De re militari (Latin "Concerning Military Matters"), also Epitoma rei militaris, is a treatise by the Late Latin writer Flavius Vegetius Renatus about Roman warfare and military principles as a presentation of the methods and practices in use during the height of the Roman Empire and responsible for its power. The extant text dates to the 5th century AD.

Vegetius emphasized things such as the training of soldiers as a disciplined force, orderly strategy, maintenance of supply lines and logistics, quality leadership and use of tactics and even deceit to ensure advantage over the opposition. He was concerned about selection of good soldiers and recommended hard training of at least four months before the soldier was accepted into the ranks. The leader of the army (dux) had to take care of the men under his command and keep himself informed about the movements of the enemy to gain advantage in the battle.

De re militari became a military guide in the Middle Ages. Even after the introduction of gunpowder to Europe, the work was carried by general officers and their staffs as a field guide to methods. Friends and subordinates customarily presented embellished copies as gifts to leaders. It went on into the 18th and 19th centuries as a source of policy and strategy to the major states of Europe. In that sense, De re militari is a projection of Roman civilization into modern times and a continuation of its influence on its cultural descendants.

Vegetius appears to have lacked personal military experience, and the accuracy about the claims he makes about the Late Roman army have been questioned by modern military historians.

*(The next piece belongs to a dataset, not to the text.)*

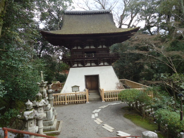 | 鐘楼 (重要文化財) 重層で袴腰を付け、屋根は入母屋造、檜皮葺。昭和28年からの解体修理によってかなり復元され、袴腰は白漆喰壁に、棟は短くなって全体につり合いの取れた美しい姿となりました。 源頼朝の寄進と伝えられていますが、様式や木材の風蝕から鎌倉時代後期のものと考えられています。 〜説明板より |

==Authorship and composition==
The author of De re militari was Publius Flavius Vegetius Renatus, who lived in the late 4th century and possibly the early 5th century AD. The name of the work has a number of variants, including Epitoma Rei Militaris, but there are other problems with accepting it at face value as the verbatim work of Vegetius. Some of the manuscripts have a note that the text was revised for the 7th time in Constantinople in the consulate of Valentinian, who must have been Valentinian III, reigning 425-455.

Vegetius' dates are not known, nor are the circumstances under which the work was revised. The year 450 is taken as the latest possible time the work could have been written, assuming he did all seven revisions in just a few years. The initial date of the window is established by Vegetius' own statement that he wrote covering the time usque ad tempus divi Gratiani, "up to the time of the divine Gratian." As emperors did not become gods generally until they died, the statement sets the initial possible date (terminus post quem) at 383, the year Gratian died. If the earlier date is preferred, it is unlikely Vegetius did all seven revisions or even one of them. There is no reason to question his general authorship, however.

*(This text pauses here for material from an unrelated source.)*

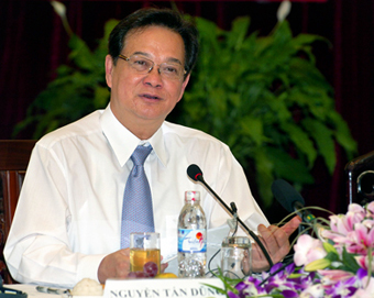 阮晋勇总理表示将继续贯彻落实11号决议,并希望能得到国际社会的支持和合作——图片:政府门户网站 |

The work is dedicated to a mysterious emperor, whose identity is unknown but whom Vegetius must have assumed to have been known to his intended readership. It may be that he wrote on behalf of military reform under the patronage of Theodosius I. In that case he would have been alive in the window 378-395, the dates of Theodosius' reign. This article adopts that point of view and assigns an approximate date of 390 to the work, which would not be, then, word for word the same as what Vegetius wrote, accounting for the title variants.

==Sources==
Vegetius based his treatise on descriptions of Roman armies, especially those of the mid to late Republic. As G.R. Watson observes, Vegetius' Epitoma "is the only ancient manual of Roman military institutions to have survived intact." Despite this, Watson is dubious of its value, for he "was neither a historian nor a soldier: his work is a compilation carelessly constructed from material of all ages, a congeries of inconsistencies." These antiquarian sources, according to his own statement, were Cato the Elder, Cornelius Celsus, Frontinus, Paternus and the imperial constitutions of Augustus, Trajan and Hadrian (1.8).

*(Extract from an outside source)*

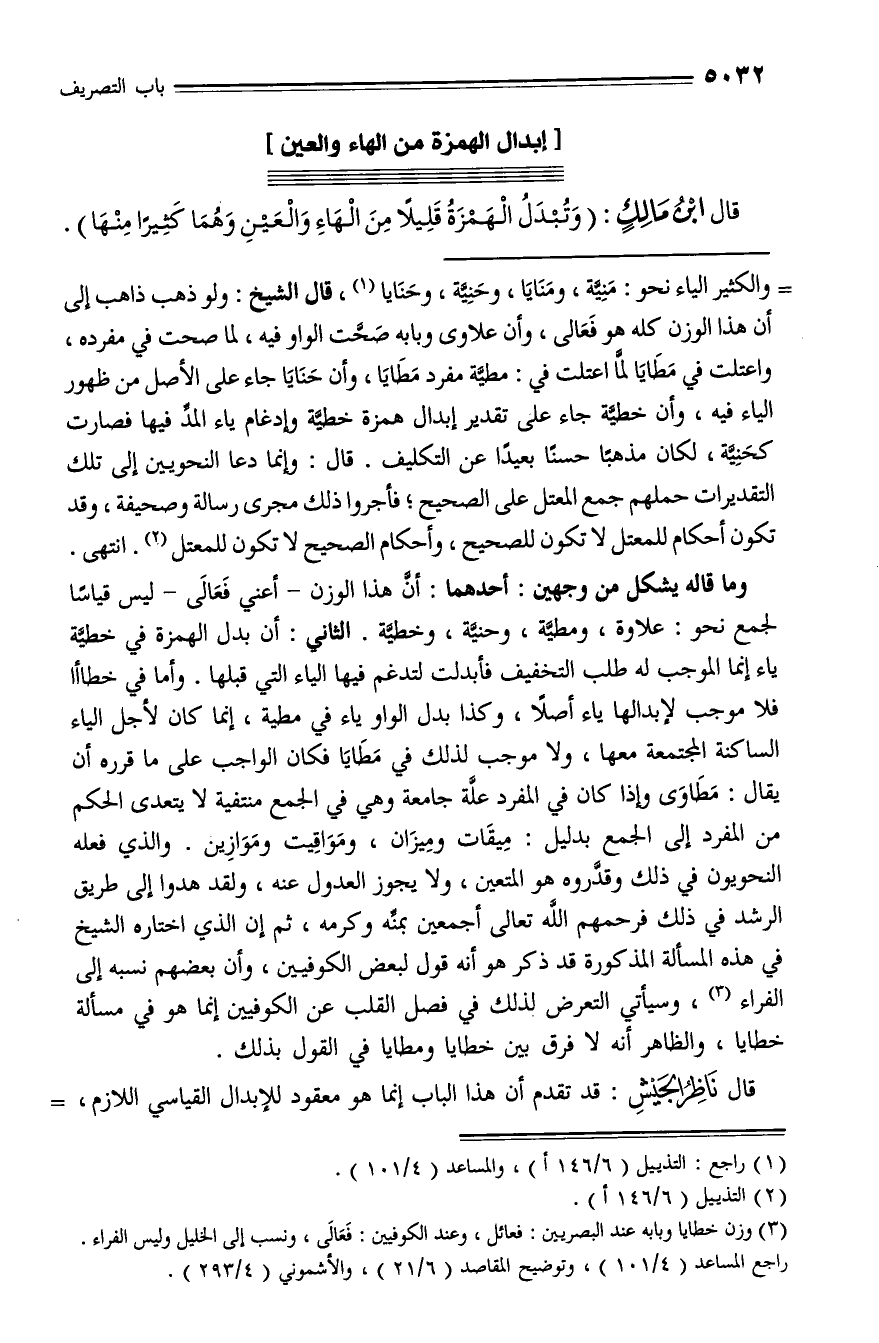 (¬3) وزن خطايا وبابه عند البصريين: فعائل، وعند الكوفيين: فعالى، ونسب إلى الخليل وليس الفراء.

==Contents of the treatise==
Vegetius' epitome mainly focuses on military organisation and how to react to certain occasions in war. Vegetius explains how one should fortify and organise a camp, how to train troops, how to handle undisciplined troops, how to handle a battle engagement, how to march, formation gauge, and many other useful methods of promoting organisation and valour in the legion. The treatise is carefully laid out in subsections. They are organized into four books:

===Book I===
The first book, headed Primus liber electionem edocet iuniorum, ex quibus locis uel quales milites probandi sint aut quibus armorum exercitiis imbuendi [The first book will teach the choice of the young men, from what places, or what kind of soldiers they are to be tested, or with what exercises of arms they are to be imbued], explains the selection of recruits, from which places and what kinds (of men) are soldiers to be authorised and with what exercises of arms they are to be indoctrinated. Vegetius also describes in detail the organisation, training and equipment of the army of the early Empire. Portraying the military decadence of the Late Roman Empire, it is a plea for army reform.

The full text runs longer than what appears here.